Bregou at dealership in converted shopping mall

Bregou at dealership in converted shopping mall.

F&I Without F&I Office

Dealer Lou Bregou, who pioneered a different way of selling F&I, worries about its online future. 

Twelve years ago, dealer Lou Bregou engineered the F&I department, but not its function, out of the dealerships he manages as part of Driver’s Village near Syracuse, NY.

Last year, he sat on a prestigious F&I industry panel at odds with industry experts talking about online F&I processes.  

At 65, Bregou has seen good – and bad – years in car sales. He just doesn’t see how the industry’s push to online F&I sales will produce good fruit for dealers. 

Worried about an erosion of backend revenue, he says “price transparency will make it very hard to make $1,000 and more on products consumers know they can buy elsewhere for less.”

If selling F&I profitably online proves as difficult as he suspects, the hardship will most affect dealers who rely heavily on F&I to support their store’s bottom line.  

“Consumers will still buy products online, but as transparency has done with car pricing it will erode F&I margin too,” Bregou says.

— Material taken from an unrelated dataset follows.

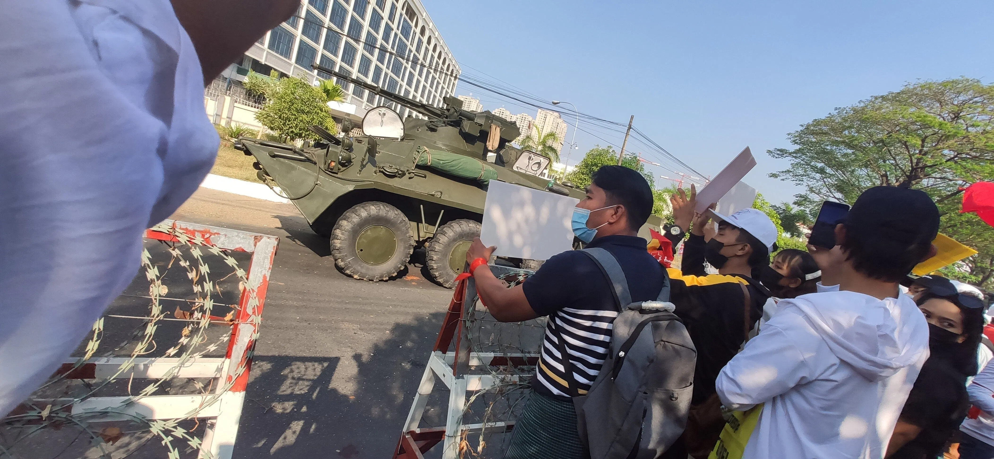 中央銀行前を警備する国軍の戦車への抗議

Driver’s Village is a 15-franchise operation inside a converted shopping mall.  When Bregou scrapped the traditional F&I office, he put in place a model that consists of the following:

  • Deal structuring, finance and leasing handled by sales managers.
  • Sales specialists selling aftermarket products. Bregou’s theory is the salesperson knows the customer best and is the most appropriate staffer to present products of the most value to a particular buyer.

After demo drives, Driver’s Village customers are escorted to one of three “settlement offices.” There, delivery coordinator (title clerk) joins the customer and the product specialist to complete paperwork.

Bregou stresses he’s not an expert on F&I issues.

“Look, I don’t have an MBA,” he says. “I ran a food-service business for many years, and the last 32 years I’ve sold cars and operated car dealerships.  We put an F&I office in my first store in 1984 and took it out in 2003.

“We did so because requiring customers to go into the F&I office was never comfortable for them – or our sales team – and it broke up the flow of the sales process. For customers, this change has been a homerun.”

He notes many dealers have since adopted similar models.